▽

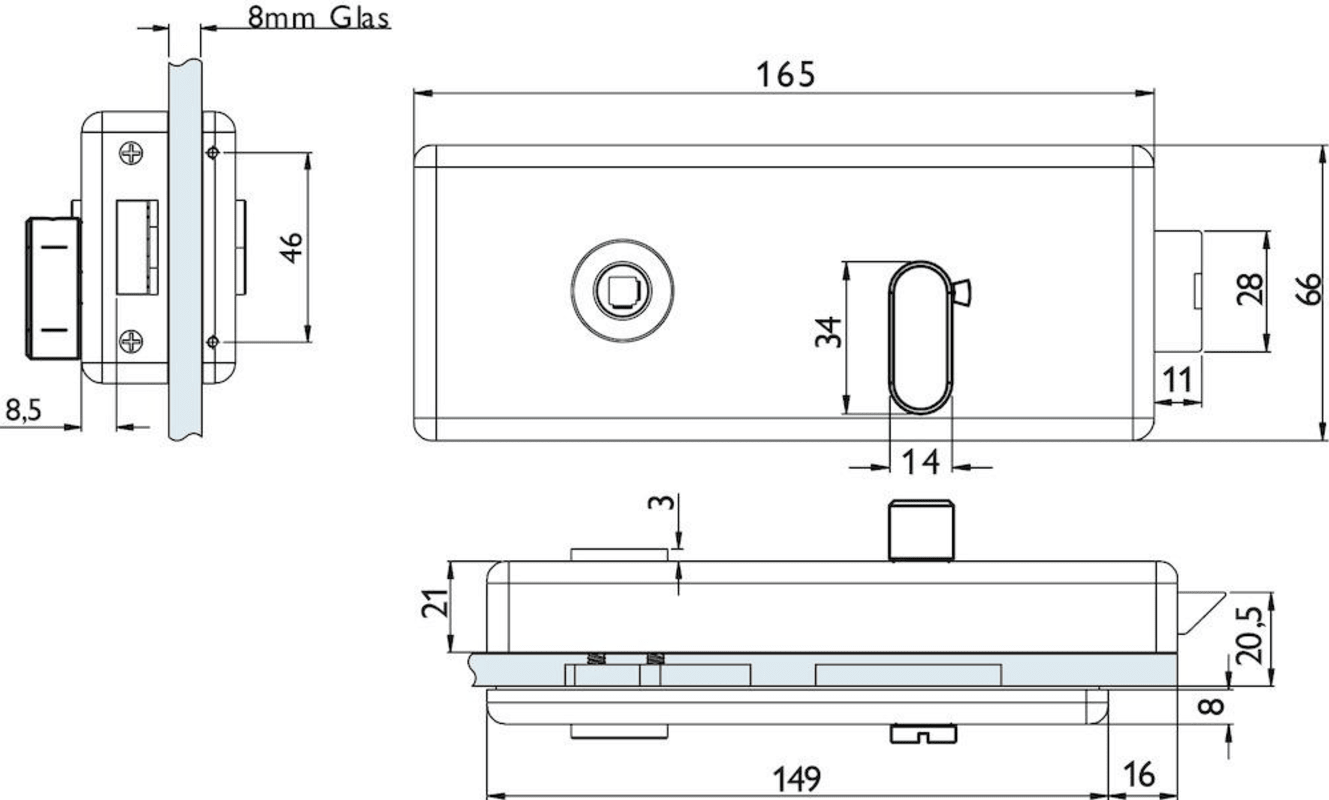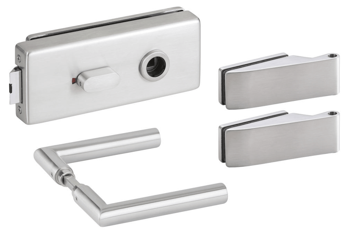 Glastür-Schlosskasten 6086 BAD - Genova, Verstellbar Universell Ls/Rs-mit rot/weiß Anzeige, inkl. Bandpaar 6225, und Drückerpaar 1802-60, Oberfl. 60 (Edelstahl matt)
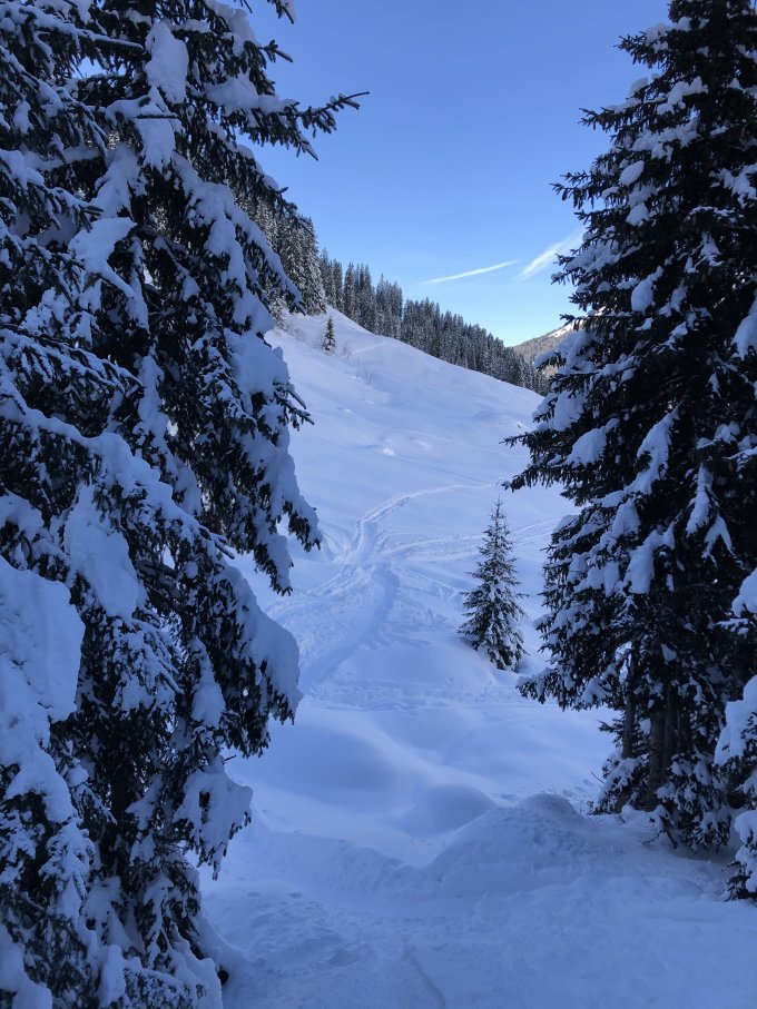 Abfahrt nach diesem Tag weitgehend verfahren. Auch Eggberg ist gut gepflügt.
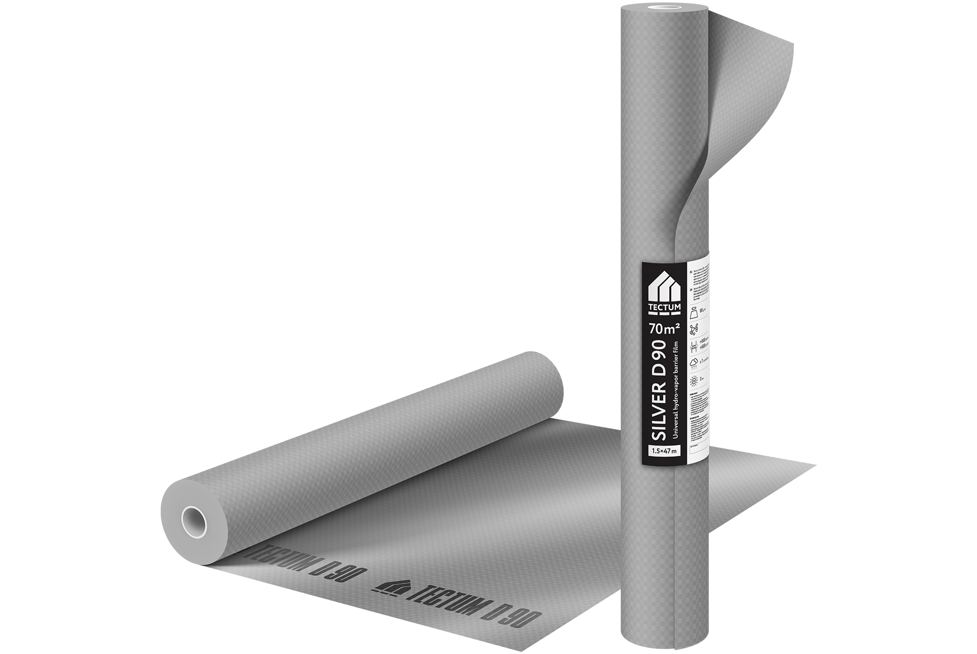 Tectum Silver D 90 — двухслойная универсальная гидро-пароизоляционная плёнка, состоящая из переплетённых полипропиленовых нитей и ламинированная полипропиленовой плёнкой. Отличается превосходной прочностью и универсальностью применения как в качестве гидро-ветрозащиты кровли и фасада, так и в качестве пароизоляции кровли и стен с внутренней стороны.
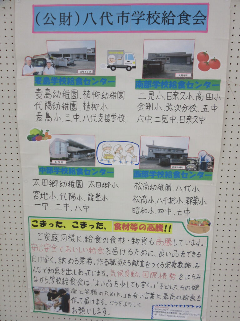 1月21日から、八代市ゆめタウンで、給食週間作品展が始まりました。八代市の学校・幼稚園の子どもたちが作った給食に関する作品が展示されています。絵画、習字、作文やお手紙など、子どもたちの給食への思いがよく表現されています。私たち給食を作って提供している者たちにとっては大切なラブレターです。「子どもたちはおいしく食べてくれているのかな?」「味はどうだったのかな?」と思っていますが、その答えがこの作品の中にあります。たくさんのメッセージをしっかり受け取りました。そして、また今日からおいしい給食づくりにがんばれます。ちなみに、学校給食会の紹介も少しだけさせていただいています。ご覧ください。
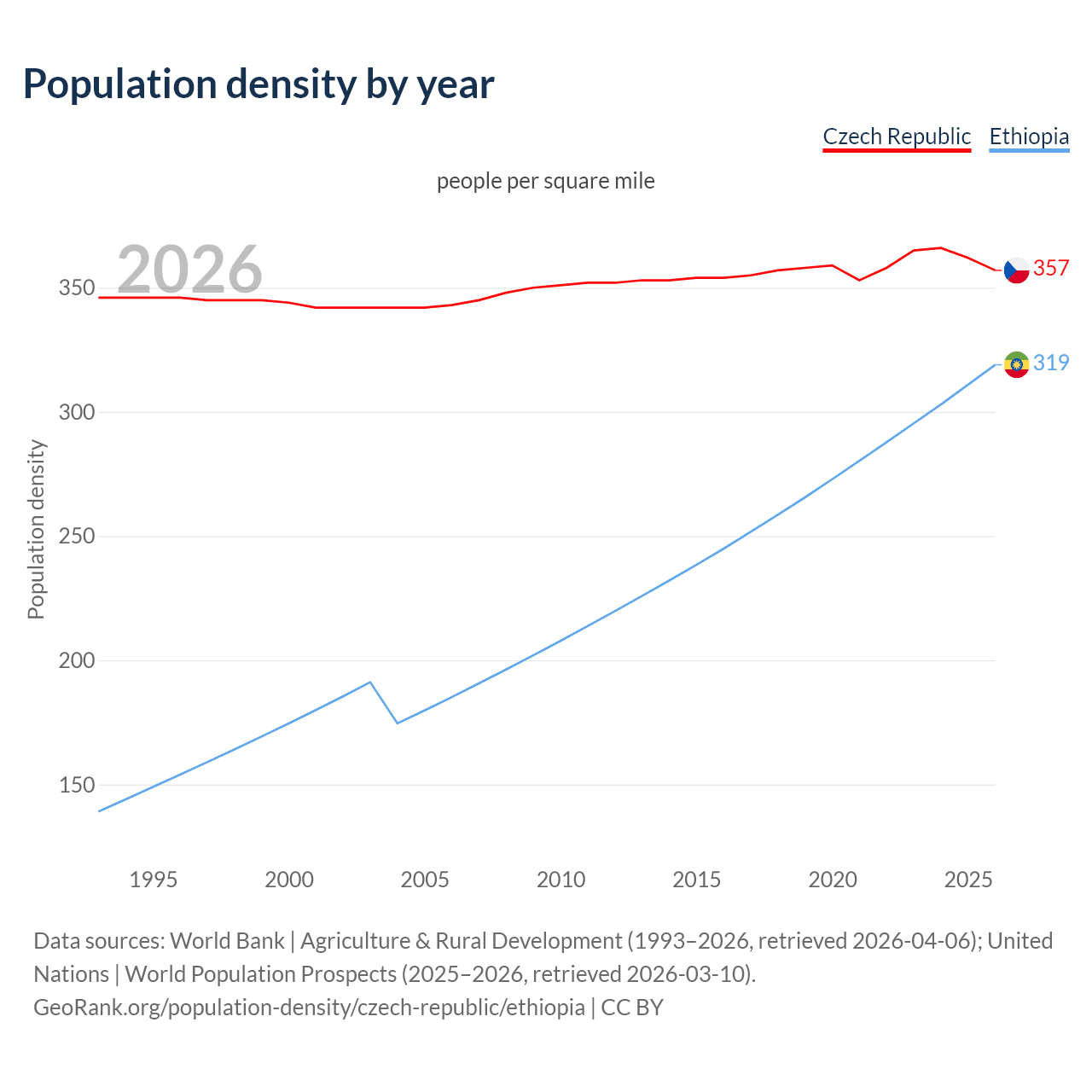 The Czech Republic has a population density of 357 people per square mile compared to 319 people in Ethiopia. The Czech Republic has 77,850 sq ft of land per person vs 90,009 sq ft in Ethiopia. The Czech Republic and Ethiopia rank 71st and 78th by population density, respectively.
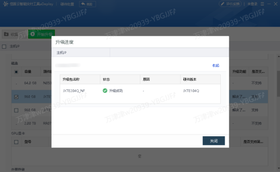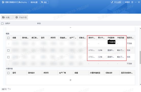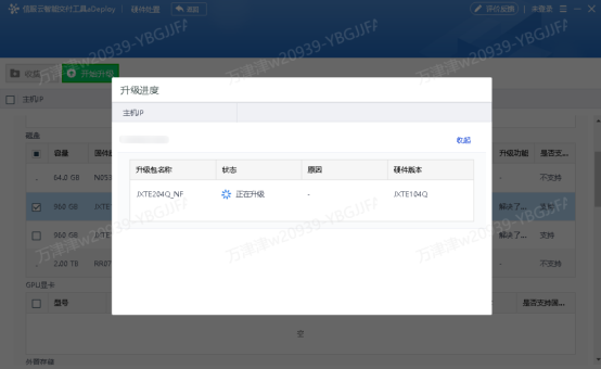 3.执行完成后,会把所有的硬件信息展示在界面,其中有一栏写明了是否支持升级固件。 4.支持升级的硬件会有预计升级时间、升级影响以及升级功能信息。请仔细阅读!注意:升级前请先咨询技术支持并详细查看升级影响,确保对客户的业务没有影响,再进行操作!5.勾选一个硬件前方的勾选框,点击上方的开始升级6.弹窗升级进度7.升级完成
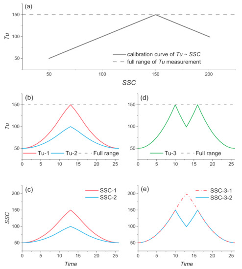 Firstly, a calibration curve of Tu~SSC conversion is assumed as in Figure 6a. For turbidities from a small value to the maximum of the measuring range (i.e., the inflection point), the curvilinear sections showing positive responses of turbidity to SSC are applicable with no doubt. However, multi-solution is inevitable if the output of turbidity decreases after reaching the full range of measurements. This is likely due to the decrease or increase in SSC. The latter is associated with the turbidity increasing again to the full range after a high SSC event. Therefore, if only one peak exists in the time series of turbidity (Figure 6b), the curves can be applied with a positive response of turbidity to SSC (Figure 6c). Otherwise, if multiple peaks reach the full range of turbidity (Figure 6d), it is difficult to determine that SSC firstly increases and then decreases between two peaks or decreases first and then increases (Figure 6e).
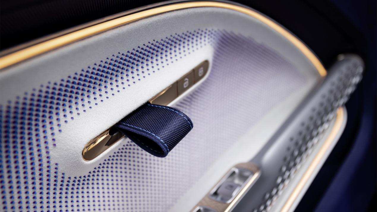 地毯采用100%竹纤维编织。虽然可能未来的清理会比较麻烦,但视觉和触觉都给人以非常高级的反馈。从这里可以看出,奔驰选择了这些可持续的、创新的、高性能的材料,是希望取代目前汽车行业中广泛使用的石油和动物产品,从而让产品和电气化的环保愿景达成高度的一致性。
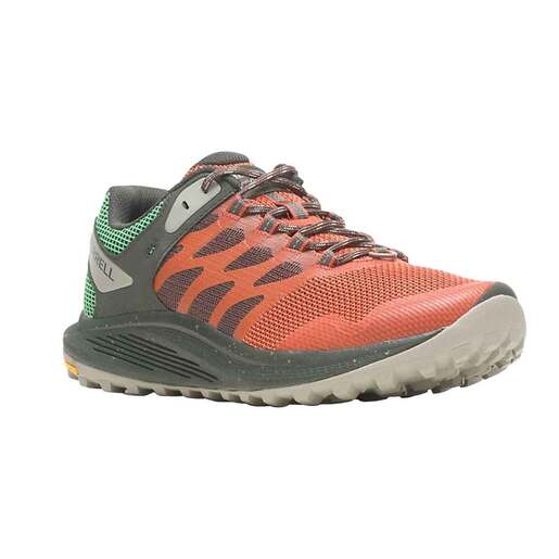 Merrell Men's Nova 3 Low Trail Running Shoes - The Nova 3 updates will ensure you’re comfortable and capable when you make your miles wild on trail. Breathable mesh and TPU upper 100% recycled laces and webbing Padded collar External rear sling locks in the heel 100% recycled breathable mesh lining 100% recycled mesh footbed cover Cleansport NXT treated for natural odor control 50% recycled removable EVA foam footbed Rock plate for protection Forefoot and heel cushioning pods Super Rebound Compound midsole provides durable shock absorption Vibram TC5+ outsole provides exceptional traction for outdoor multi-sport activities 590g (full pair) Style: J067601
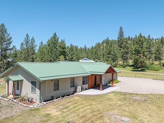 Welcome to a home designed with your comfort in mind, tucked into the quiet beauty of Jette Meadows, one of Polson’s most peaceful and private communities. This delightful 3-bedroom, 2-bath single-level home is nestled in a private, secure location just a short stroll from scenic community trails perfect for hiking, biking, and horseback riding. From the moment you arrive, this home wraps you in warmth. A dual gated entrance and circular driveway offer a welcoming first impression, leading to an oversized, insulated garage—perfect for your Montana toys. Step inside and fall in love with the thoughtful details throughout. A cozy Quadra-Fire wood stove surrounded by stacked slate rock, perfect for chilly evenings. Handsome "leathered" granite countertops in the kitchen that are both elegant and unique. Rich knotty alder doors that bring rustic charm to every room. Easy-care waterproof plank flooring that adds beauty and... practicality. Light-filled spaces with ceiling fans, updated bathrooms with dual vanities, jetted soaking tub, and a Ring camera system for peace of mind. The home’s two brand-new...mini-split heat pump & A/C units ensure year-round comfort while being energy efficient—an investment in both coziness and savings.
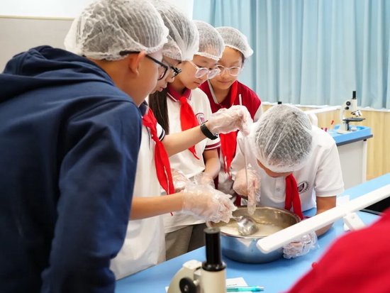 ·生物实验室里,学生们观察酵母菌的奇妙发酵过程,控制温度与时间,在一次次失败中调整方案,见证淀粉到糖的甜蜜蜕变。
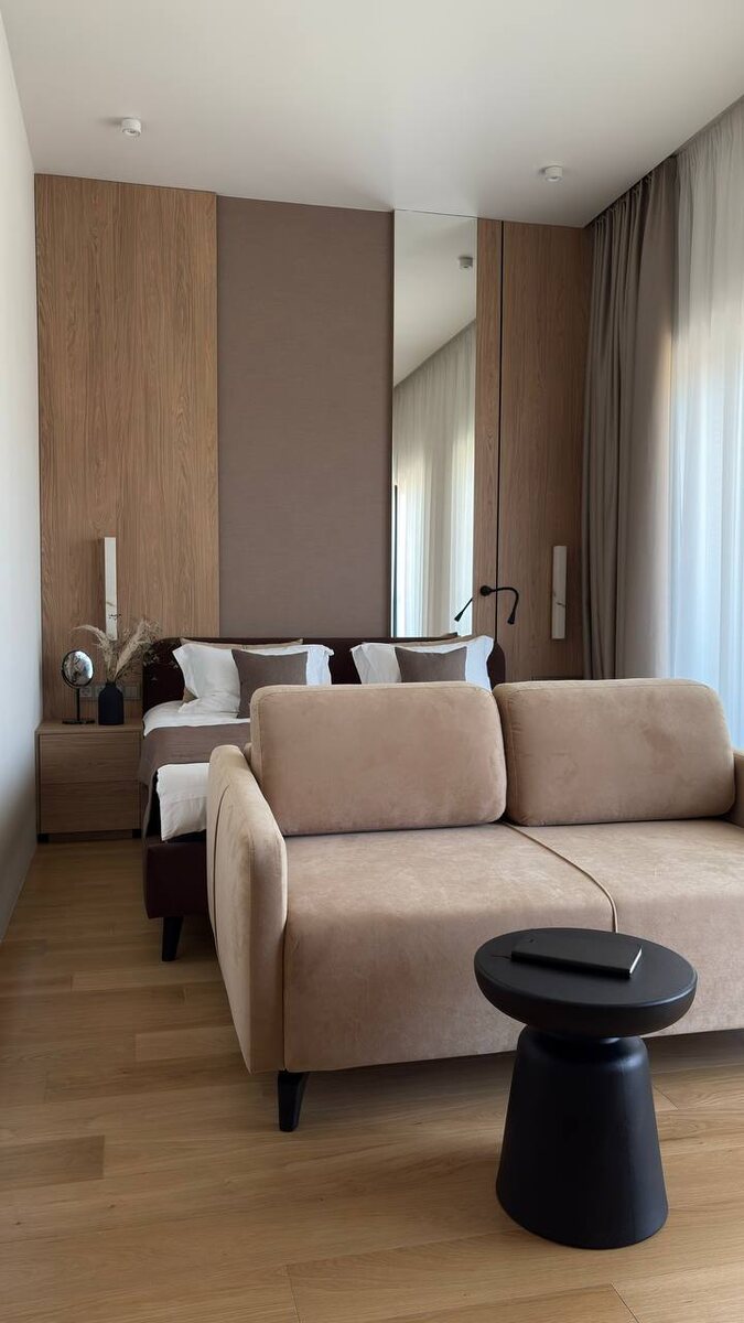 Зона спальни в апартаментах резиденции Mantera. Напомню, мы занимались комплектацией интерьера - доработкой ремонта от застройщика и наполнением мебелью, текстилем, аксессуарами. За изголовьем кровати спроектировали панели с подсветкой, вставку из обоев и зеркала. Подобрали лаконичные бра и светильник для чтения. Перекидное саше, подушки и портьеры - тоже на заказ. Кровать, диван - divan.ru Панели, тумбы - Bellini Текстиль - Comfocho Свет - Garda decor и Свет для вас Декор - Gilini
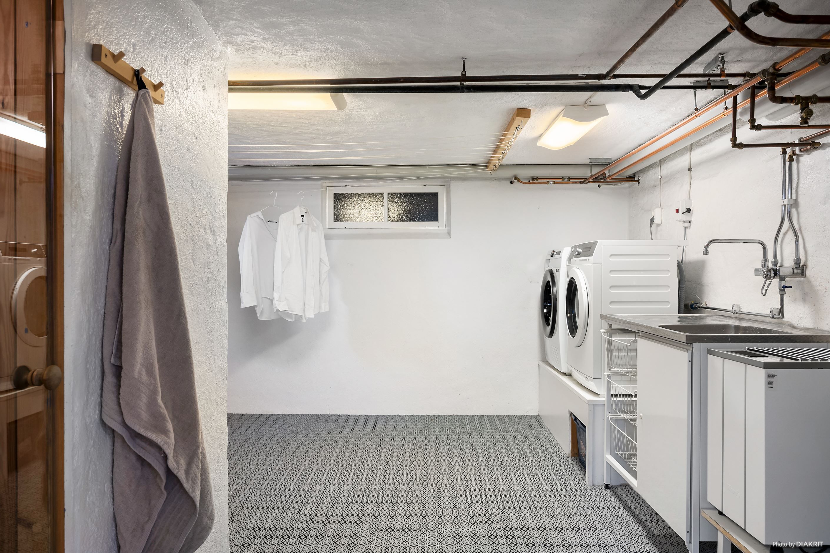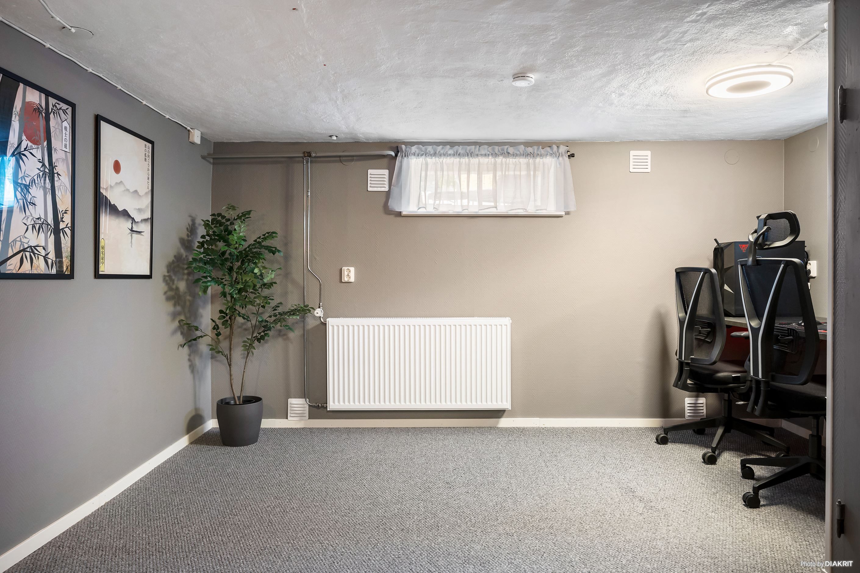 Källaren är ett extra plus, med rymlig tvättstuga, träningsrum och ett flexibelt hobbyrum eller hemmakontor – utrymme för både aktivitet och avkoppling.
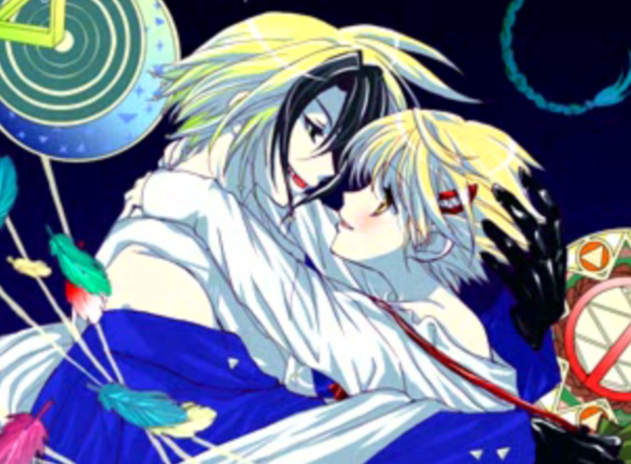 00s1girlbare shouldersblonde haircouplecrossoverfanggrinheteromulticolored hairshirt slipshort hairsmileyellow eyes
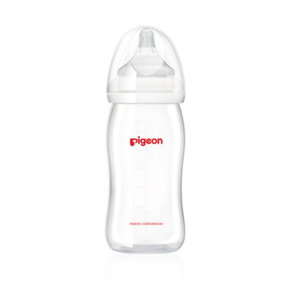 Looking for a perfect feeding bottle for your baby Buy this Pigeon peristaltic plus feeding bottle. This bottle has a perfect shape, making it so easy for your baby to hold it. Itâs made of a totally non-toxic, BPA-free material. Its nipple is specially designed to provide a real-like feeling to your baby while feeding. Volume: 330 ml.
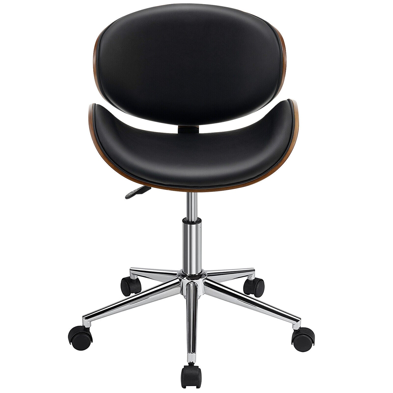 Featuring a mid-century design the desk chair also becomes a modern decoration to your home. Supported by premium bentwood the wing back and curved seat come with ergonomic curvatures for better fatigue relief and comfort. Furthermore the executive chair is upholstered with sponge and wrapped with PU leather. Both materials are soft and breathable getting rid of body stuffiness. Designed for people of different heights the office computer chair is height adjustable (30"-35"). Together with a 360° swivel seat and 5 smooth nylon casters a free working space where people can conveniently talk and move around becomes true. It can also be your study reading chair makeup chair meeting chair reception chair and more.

△

#### YOUR OBJECTIVE
An exact copy is needed of the stretch above that opens with the line containing "1月21日から、八代市ゆめタ" and closes with the line containing "Firstly, a calibration"; the pictures are not part of it.

#### EXERCISE SOLUTION
 1月21日から、八代市ゆめタウンで、給食週間作品展が始まりました。八代市の学校・幼稚園の子どもたちが作った給食に関する作品が展示されています。絵画、習字、作文やお手紙など、子どもたちの給食への思いがよく表現されています。私たち給食を作って提供している者たちにとっては大切なラブレターです。「子どもたちはおいしく食べてくれているのかな?」「味はどうだったのかな?」と思っていますが、その答えがこの作品の中にあります。たくさんのメッセージをしっかり受け取りました。そして、また今日からおいしい給食づくりにがんばれます。ちなみに、学校給食会の紹介も少しだけさせていただいています。ご覧ください。
 The Czech Republic has a population density of 357 people per square mile compared to 319 people in Ethiopia. The Czech Republic has 77,850 sq ft of land per person vs 90,009 sq ft in Ethiopia. The Czech Republic and Ethiopia rank 71st and 78th by population density, respectively.
 3.执行完成后,会把所有的硬件信息展示在界面,其中有一栏写明了是否支持升级固件。 4.支持升级的硬件会有预计升级时间、升级影响以及升级功能信息。请仔细阅读!注意:升级前请先咨询技术支持并详细查看升级影响,确保对客户的业务没有影响,再进行操作!5.勾选一个硬件前方的勾选框,点击上方的开始升级6.弹窗升级进度7.升级完成
 Firstly, a calibration curve of Tu~SSC conversion is assumed as in Figure 6a. For turbidities from a small value to the maximum of the measuring range (i.e., the inflection point), the curvilinear sections showing positive responses of turbidity to SSC are applicable with no doubt. However, multi-solution is inevitable if the output of turbidity decreases after reaching the full range of measurements. This is likely due to the decrease or increase in SSC. The latter is associated with the turbidity increasing again to the full range after a high SSC event. Therefore, if only one peak exists in the time series of turbidity (Figure 6b), the curves can be applied with a positive response of turbidity to SSC (Figure 6c). Otherwise, if multiple peaks reach the full range of turbidity (Figure 6d), it is difficult to determine that SSC firstly increases and then decreases between two peaks or decreases first and then increases (Figure 6e).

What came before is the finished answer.